Use delete and insert to replace outdated data efficiently. It deletes existing records and inserts new ones in a single operation, insuring your Dataset remains up-to-date.

  • Delete rows that use the predicate
  • Use delete and insert for Snowflake

Use delete and insert

For example, imagine you have an ORDERS table where you want to replace outdated SHIPPING_STATUS data.

To use delete and insert, follow these steps:

  1. Open your Target Model and navigate to the Write Options tab.
  2. For the Write Mode, select Merge.
  3. For the Merge Approach, select Use delete and insert.
  4. Under Merge Condition, set the Unique Key to SHIPPING_STATUS.
  5. Optional: Toggle to Use Predicate.
  6. Optional: Toggle to Use a condition to filter data or incremental runs.
  7. Under Merge Columns, there's no need to set the merge columns for incremental strategy delete and insert.
  8. Under Advanced, select an option for On Schema Change.
  9. Click Save.
  10. Run the Target Model and check that the merge approach returns data properly.

Insert and overwrite

Use insert and overwrite to overwrite existing records and insert new ones in a single operation, insuring your Dataset remains accurate.

  • Replace all partitions included in your query
  • Use insert and overwrite for Databricks

Insert and overwrite

For example, imagine you have a CUSTOMERS table where you want to replace all partitions by CUSTOMER_ID.

To use insert and overwrite, follow these steps:

  1. Open your Target Model and navigate to the Write Options tab.
  2. For the Write Mode, select Merge.
  3. For the Merge Approach, select Insert and overwrite.
  4. Under Merge Condition, set Partition By by selecting CUSTOMER_ID.
    info

    dbt will run an atomic insert overwrite statement that dynamically replaces all partitions included in your query.

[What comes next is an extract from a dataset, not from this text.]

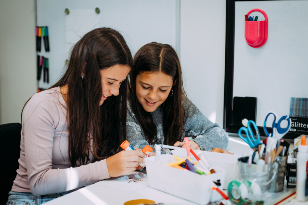 With teens: She focuses on creating a space that offers control and autonomy, encouraging self-reflection and awareness of self-identity. Katherine supplies materials and offers minimal instruction, allowing teens to process their art as they wish.

If no partition_by is specified, then the insert and overwrite strategy will atomically replace all contents of the table, overriding all existing data with only the new records. The column schema of the table remains the same.

  5. Under Merge Columns, there's no need to set the merge columns for incremental strategy delete and insert.
  6. Under Advanced, select an option for On Schema Change.
  7. Click Save.
  8. Run the Target Model and check that the merge approach returns data properly.